2. Adapt existing software to UK needs

A more modest scenario would involve negotiating with trusted private sector partners to build models using their software, using data we provide, running on secure UK data centres. Thus, we would not own the program code – but the models would be built to our specification, with our data, on our computers.

Ultimately, this would amount to the UK licensing technology, rather than developing it from scratch. However, we would play a role in the configuration of the software, working alongside tech companies while models are being built, and having some freedom to adapt the technology to UK needs.

This approach is less risky than the first scenario and surely less costly; it could likely be done within the £100 million envelope of the task force. The biggest risk would come in negotiating suitable arrangements with private sector providers – in particular, putting UK data on foreign data centres should not be considered acceptable. We note that the Prime Minister recently secured agreements with several big-tech companies to have preferential access to their foundation models, providing a starting point for negotiations.

Noting the requirement for a pipeline of skills, we again emphasise the important of R&D programmes supporting research around the applications of foundation models in the public sector.

3. Off-the-shelf solutions

The least risky solution would involve simply licensing technology from existing suppliers on suitable terms. The UK would play no part in developing the software and our expertise would in this case amount to nothing more than hosting it. R&D efforts would presumably be limited to finding applications of the technology in GOV.UK bodies.

Such a solution is low risk, but very low ambition. It would likely deliver productivity benefits in Government Departments, which would have the benefit of working with polished state-of-the-art products. However, it is hard to see how this could be considered as delivering a truly sovereign AI capability. Crucially, it does not satisfy the skills, data, or sovereignty requirements listed above: the UK would not ‘own’ the technology in any meaningful sense.

Each of these choices involves trade-offs.

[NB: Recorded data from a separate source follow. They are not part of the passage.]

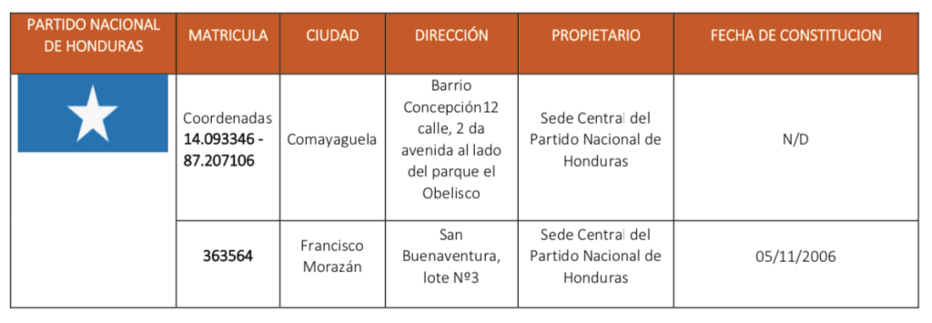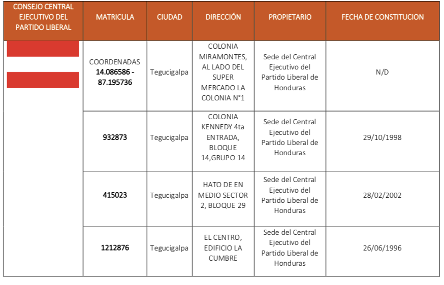 Luego de que la Misión de Apoyo Contra la Corrupción e impunidad en Honduras (MACCIH), en conjunto con la Unidad Especial de la Fiscalía de Honduras Contra la Corrupción y la Impunidad (UFECIC‐MP), solicitaran el día de ayer ante el Juzgado de Letras de Privación de Dominio una petición para la privación definitiva de los bienes que los acusados en el «Caso Pandora» compraron o mezclaron con el dinero supuestamente sustraído al Estado hondureño, las sedes del Partido Nacional de Honduras y el Partido Liberal de Honduras podrían pasar a dominio del Estado hondureño, ya que se encuentran dentro de la lista de bienes para incautar.
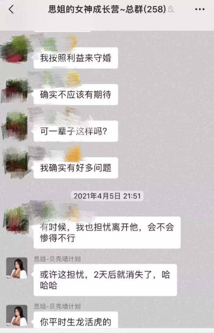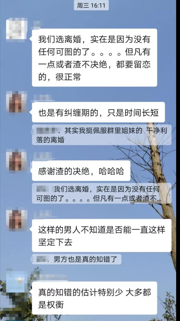 群内的姐妹们也曾经历过出轨,在出轨这段危机中,有的选择婚内守利益,跟男人选择和睦共处,同时自己发展事业,在经济上首先去达成一个独立的人。
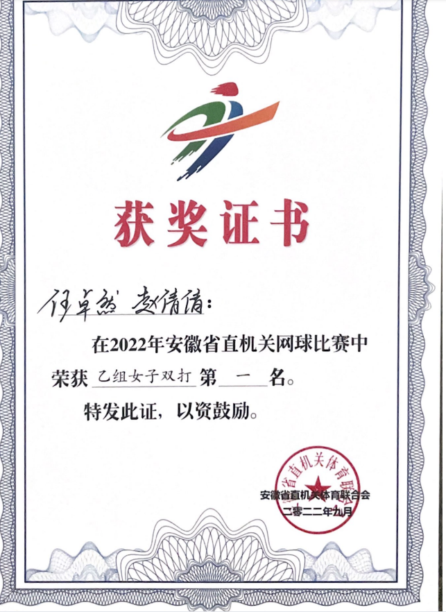 赵倩倩与同组队员历经小组赛和淘汰赛的激烈角逐,顺利晋级决赛。决赛中,赵倩倩以精湛的球技、团结协作的精神,展示了学校青年教师赛出水平、比出风格的形象,最终获得本届省直机关网球比赛女子乙组双打冠军。
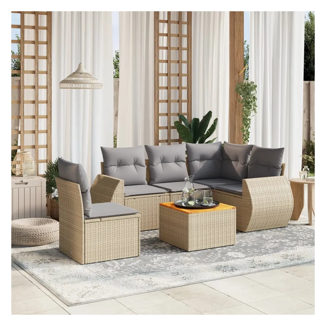 Salon de jardin avec coussins 6 pcs beige résine tressée
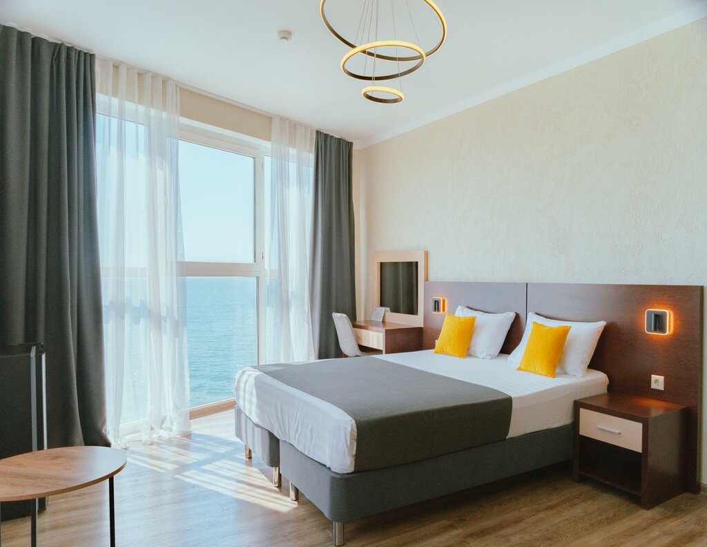 Останавливались на 1 ночь в номере с видом на море. Вид шикарный. Нас все устроило и по местоположению тоже. ~9мин на Ласточке из аэропорта до ж/д вокзала. Назад в аэропорт заказали такси на ресепшен за 500р. Моё мнение, что отель на несколько ночей нормальный, но если останавливаться дольше, чтобы отдохнуть на море, он неудобен. Рядом нет недорогих столовых, чтобы поесть. И может быть я не разобралась, но и чтобы добраться др отеля, нам всегда приходилось проходить через вокзал с соответствующим досмотром. Также кому-то может быть важно, что отель 5-ти этажный, а лифта нет. И wi-fi на 5 этаже почти не работает, с учётом того, что мобильный интернет в Сочи часто глушат
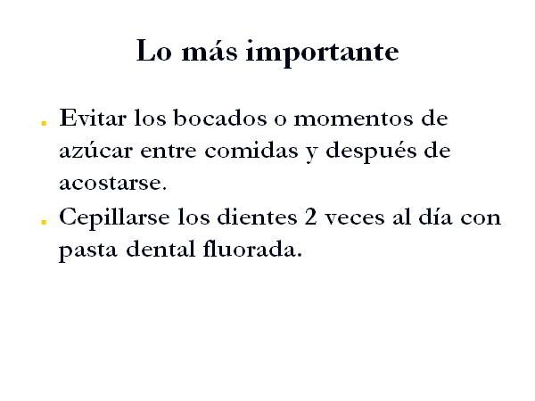 El personal de salud dental puede analizar la situación discutiendo los patrones dietéticos, identificando productos que pueden ser eliminados, substituidos ó reducidos.
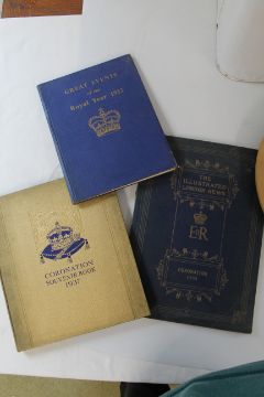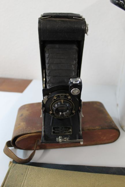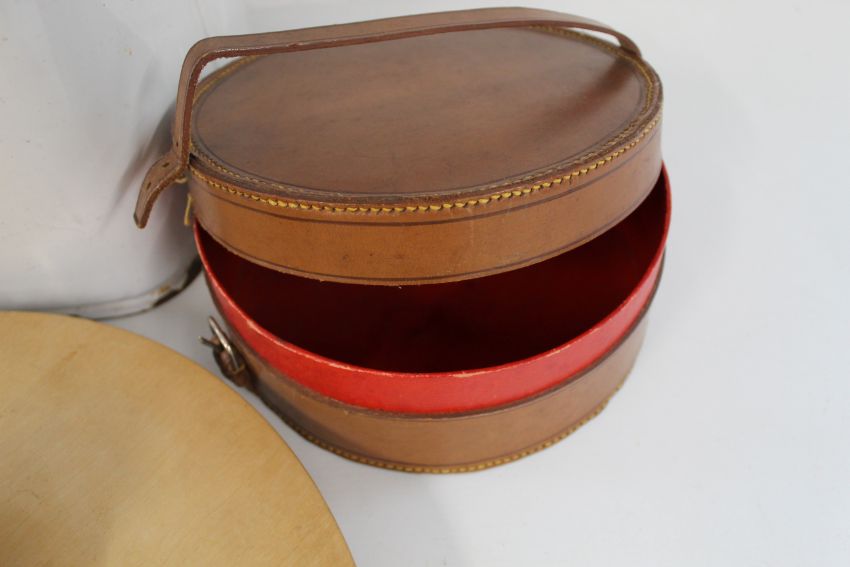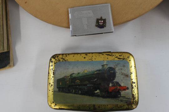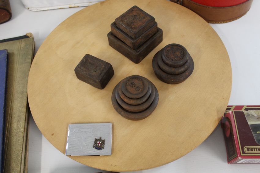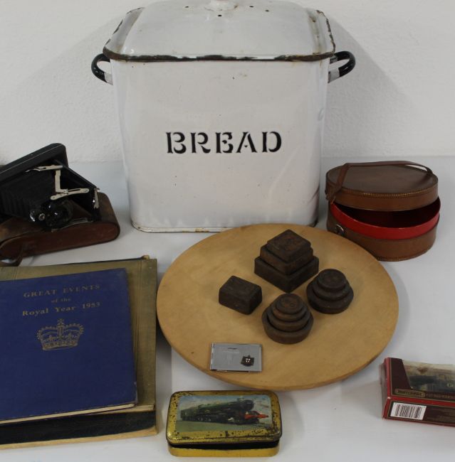 White enamel bread bin, leather collar box, model lorry, 11 x scale weights round and square, 3 x souvenir Coronation books, wooden lazy susan, metal tin with train design, Kodak Pocket 1a camera with case, metal stamp holder

What is clear is that we do not have the luxury of time to hold out for certainty – choices must be made now to keep the UK at the forefront.

1 Spring Budget 2023 www.gov.uk/government/publications/spring-budget-2023/spring-budget-2023-html 

Taskforce announcement www.gov.uk/government/news/initial-100-million-for-expert-taskforce-to-help-uk-build-and-adopt-next-generation-of-safe-ai 

Acknowledgement

We are very grateful to Major Harden Bates for discussions around foundation models and a sovereign AI capability.